Speaking on Sunday at the launch of his books “Principles For Principal People” and “General Ministerial and Christian Ethics," he noted that the fight against corruption would fail if the country continues to pursue changing the attitudes of the people who are already corrupt.

“I believe that the current crop of middle-aged people and even the youth, might not even be the best people to start with the corruption eradication agenda," he stated.

His comment follows how the country is still struggling to eradicate the menace of corruption despite the relentless effort by successive governments.

Ghana, according to the 2018 Corruption Perceptions Index reported by Transparency International, is the 78 least corrupt nation out of 175 countries.
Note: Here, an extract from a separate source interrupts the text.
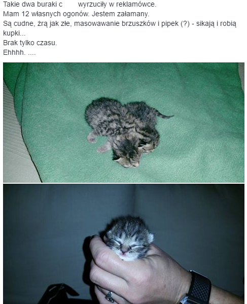 „Takie dwa buraki wyrzuciły w reklamówce. Mam 12 własnych ogonów. Jestem załamany.” – napisał Pan Rafał, który uratował kotki i wziął je do siebie do domu. Ma jednak już 12 swoich kotów i fizycznie nie da rady się nimi zajmować. Pomożecie?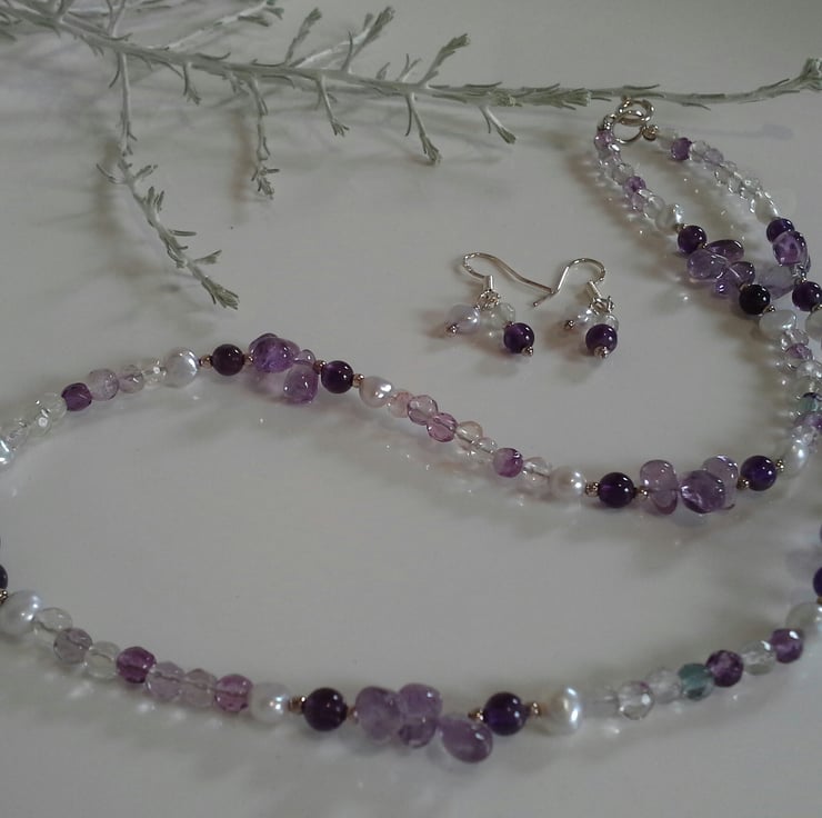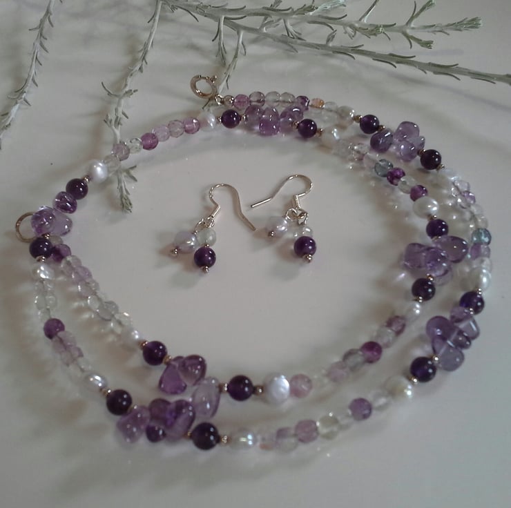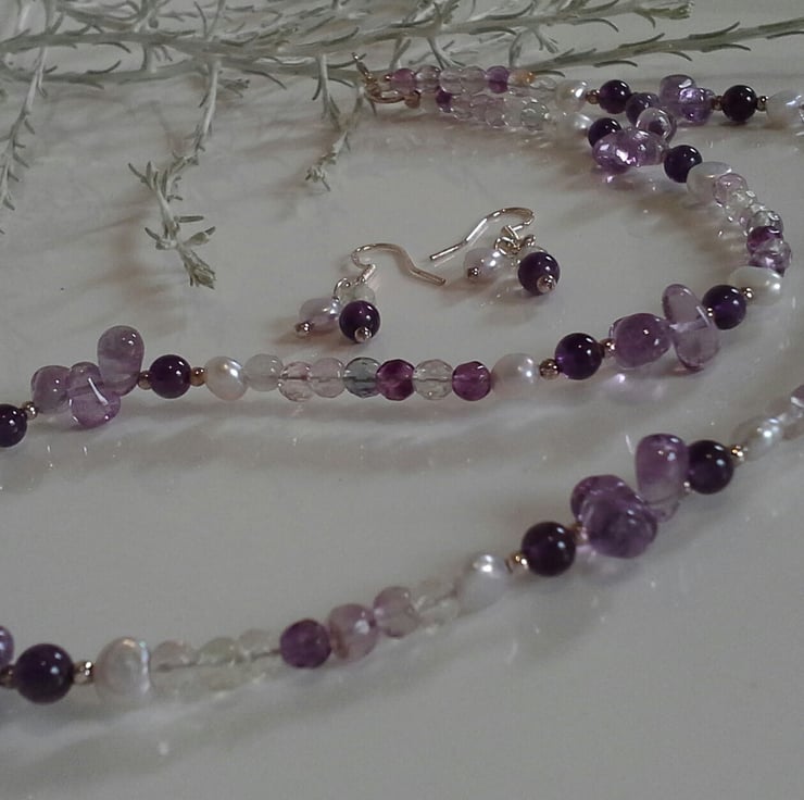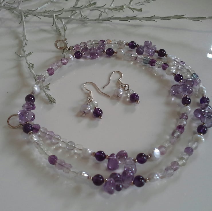 This lovely sweet necklace has been hand made using quality graduated amethyst drops and rounds, gemstones multi coloured Florite rounds complimented with pretty dainty fresh water cultured pearls and small 925 sterling silver spacer beads. This necklace comes with a matching pair of 925 sterling silver earings within the price. This set would make a lovely gift for those seeking quality jewellery on a strict budget.

Corruption Rank in Ghana averaged 64.71 from 1998 until 2018, reaching an all-time high of 81 in 2017 and a record low of 50 in 2002.

To change this tide, the preacher who is also an Education Consultant, suggests a strong social re-engineering on the issue of corruption which he thinks, must start from the early years of the education system.

He further proposed in the curriculum of early childhood education, topics which would build the younger generation in seeing the bad impact of corruption on individuals and the country.

"Let the three-year-olds know [that] if you steal from someone's lunch box it's an act of corruption, if you cheat in exams hall it is also an act of corruption," he said.

He explained that, with this embedded in the minds of children and students of a younger age, the country would have a generation with a strong re-engineered mentality which is the best way to fight corruption.

He called on government, politicians, the clergy, religious bodies and civil groups to rise up and fight corruption at the early stages of life.

The books foreworded by senior clergy, Rev. Sam Korankye-Ankrah and the Deputy Attorney-General, Godfred Yeboah Dame, stresses on the need to be guided by principles in one’s life.